**Records supplied:**
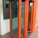 يحتوي هذا التصميم على العديد من اللوحات ، والتي ، عند فتحها ، تطوى إلى أكورديون ، أي أن كل جزء ، عند فتحه ، يتكشف بشكل عمودي على الحائط ، ويتحرك التجميع الناتج بالكامل في اتجاه واحد. هذه الأبواب لا تتداخل ولا تخفي واحدة تلو الأخرى. يشغل هذا النوع من الأبواب المنزلقة مساحة أكبر بقليل من الأبواب السابقة وهو أيضًا أكثر ملاءمة للمداخل الواسعة. عيب آخر لهذا التصميم هو أن ملفات تعريف جميع الوشاح مفصولة ، وفي نفس الوقت لا تسمح لضوء النهار بالتغلغل. غالبًا ما تكون هذه الأبواب مصنوعة من البلاستيك ، وفي كثير من الأحيان يمكنك العثور على أبواب خشبية وألومنيوم بتصميم يشبه الأكورديون..
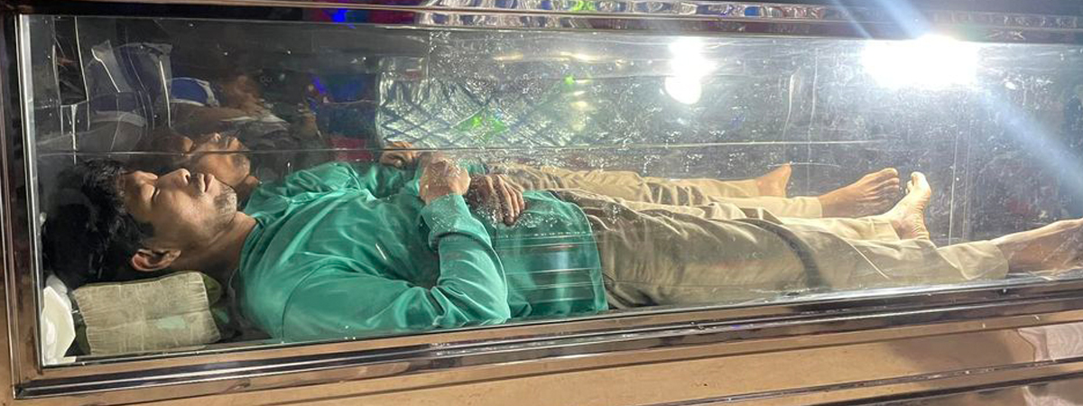 เฟซบุ๊ก วิเชียรบุรีโลงเย็น โลงศพ-โลงเย็น ปราสาท-โต๊ะหมู่ ได้เผยภาพตอนที่เจ้าของร้าน ทดสอบรีวิวโลงศพเย็นแก้ว ด้วยการให้ตัวเองลงไปนอนในนั้น ก่อนที่จะส่งให้ลูกค้าถึงประเทศลาว รีวิวได้สมจริงจนกลายเป็นไวรัลดังบนโลกออนไลน์ แถมชาวเน็ตยังคอมเมนต์แซวเจ้าของร้านอีกด้วย
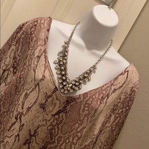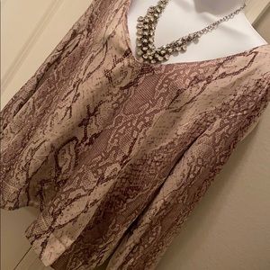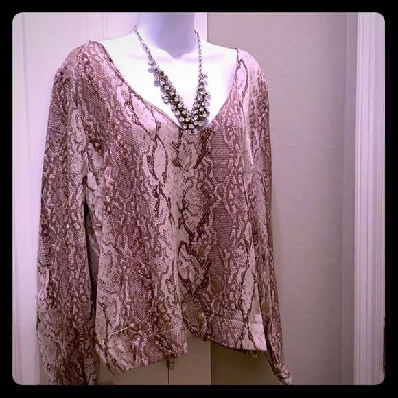 100% Tayon- Super flowing fabric that’s light when worn alone or could be layered with a camisole and jean jacket or flowing trench for a Fab approach to your day or night. Cut low in the front which makes for a beautiful necklace display! Colors are tan, brown and mocha. Also has buttoned sleeves.
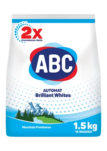 ABC Automat Mountain Freshness. Albușurile noastre preferate sunt și mai albe datorită noii formule și tehnologiei multi-enzimatice ABC Automat. ABC Automat Bright White a fost dezvoltat special pentru rufe mai albe și mai imaculate. ABC Automat Bright White oferă o strălucire strălucitoare și o albeață perfectă datorită enzimelor speciale și agenților de strălucire și îndepărtează cu ușurință petele încăpățânate și încăpățânate. Noul ABC Automat Bright White umple spălătoria cu o briză proaspătă de munte datorită parfumului său unic "Mountain Fresh".
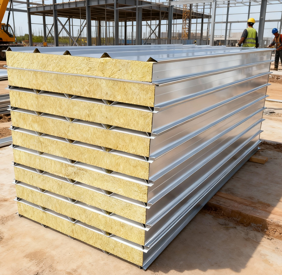 Panel sándwich de lana de roca resistente a la intemperie, resistente y aislante, perfecto para techos de almacén y fábrica
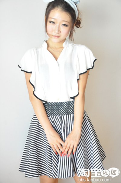 现在统统不要不要哈,有荷叶边修饰小衫帮我们解决了这些问题哈,甜美度UP UP
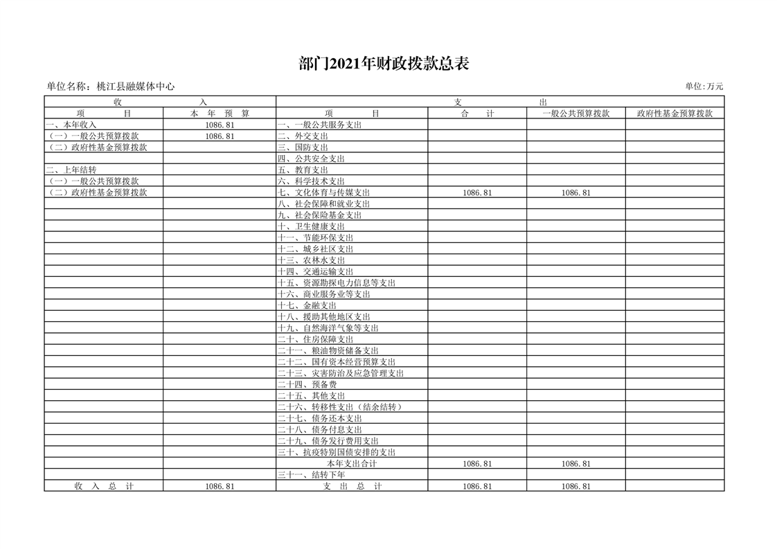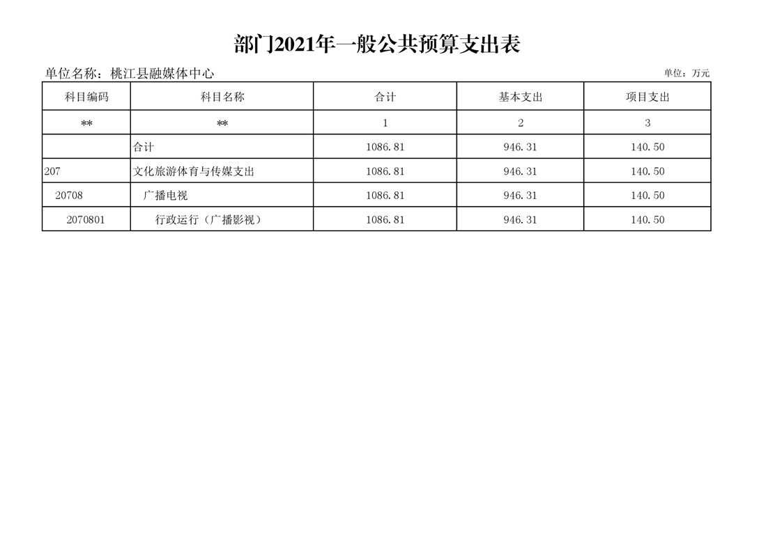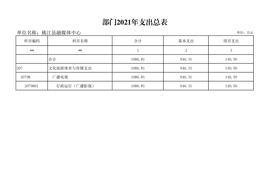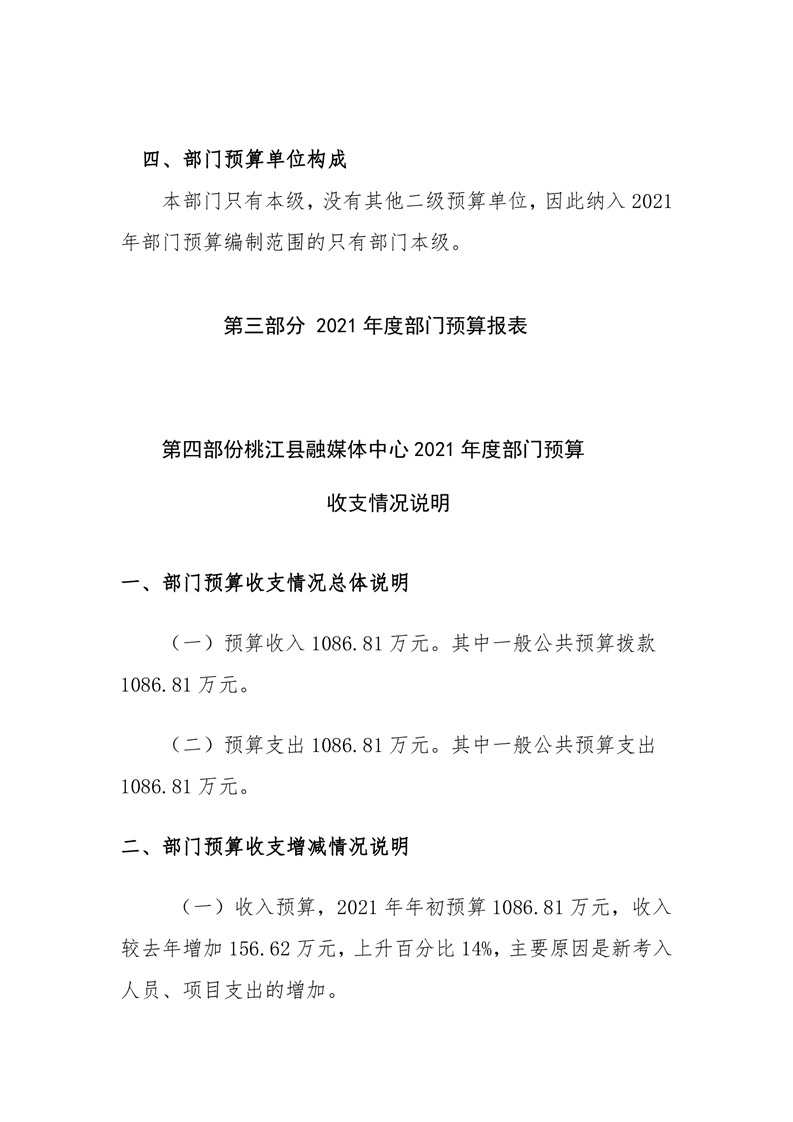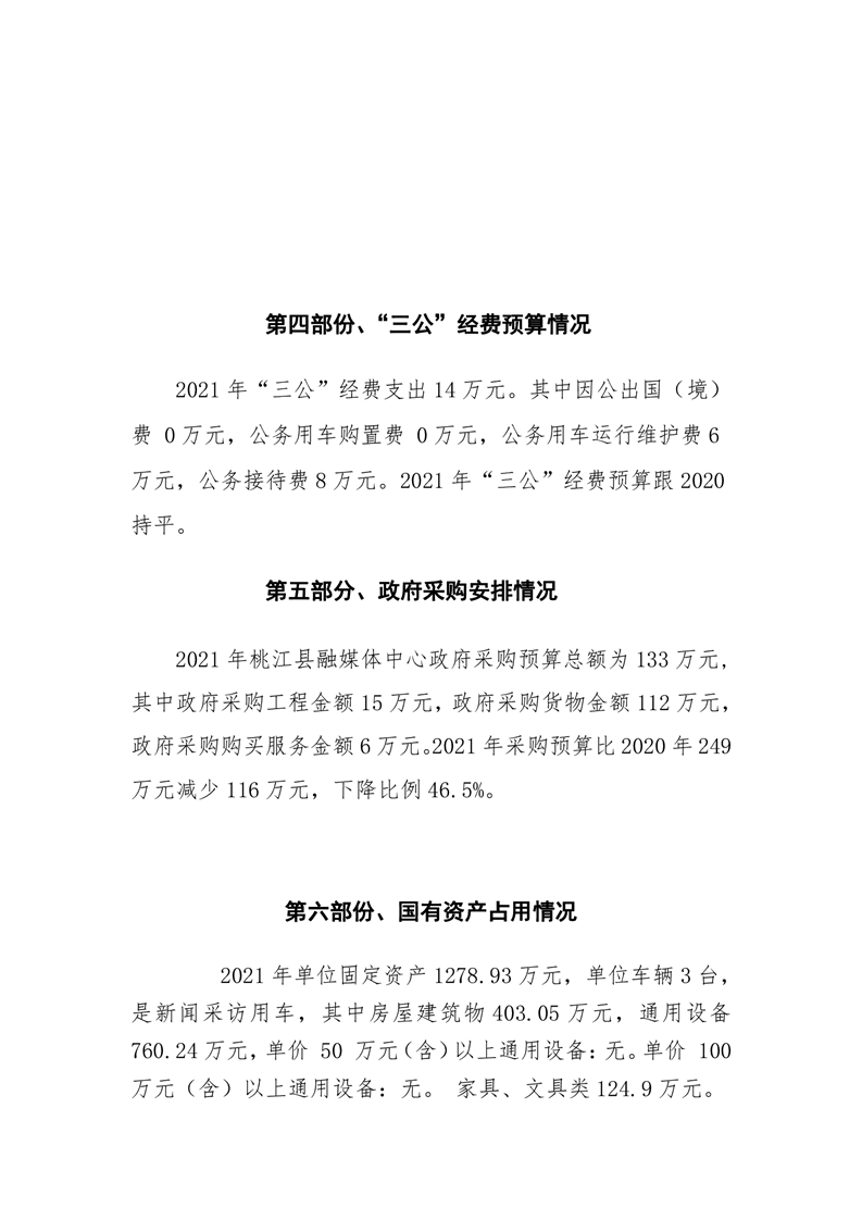 2021年桃江县融媒体中心部门预算和“三公“经费

**Exercise aim:** Using the listing above, copy every line from the line containing "Panel sándwich de" through the last one, both included, and no other lines. Pictures stay out.

**Worked solution:**
 Panel sándwich de lana de roca resistente a la intemperie, resistente y aislante, perfecto para techos de almacén y fábrica
 现在统统不要不要哈,有荷叶边修饰小衫帮我们解决了这些问题哈,甜美度UP UP
 2021年桃江县融媒体中心部门预算和“三公“经费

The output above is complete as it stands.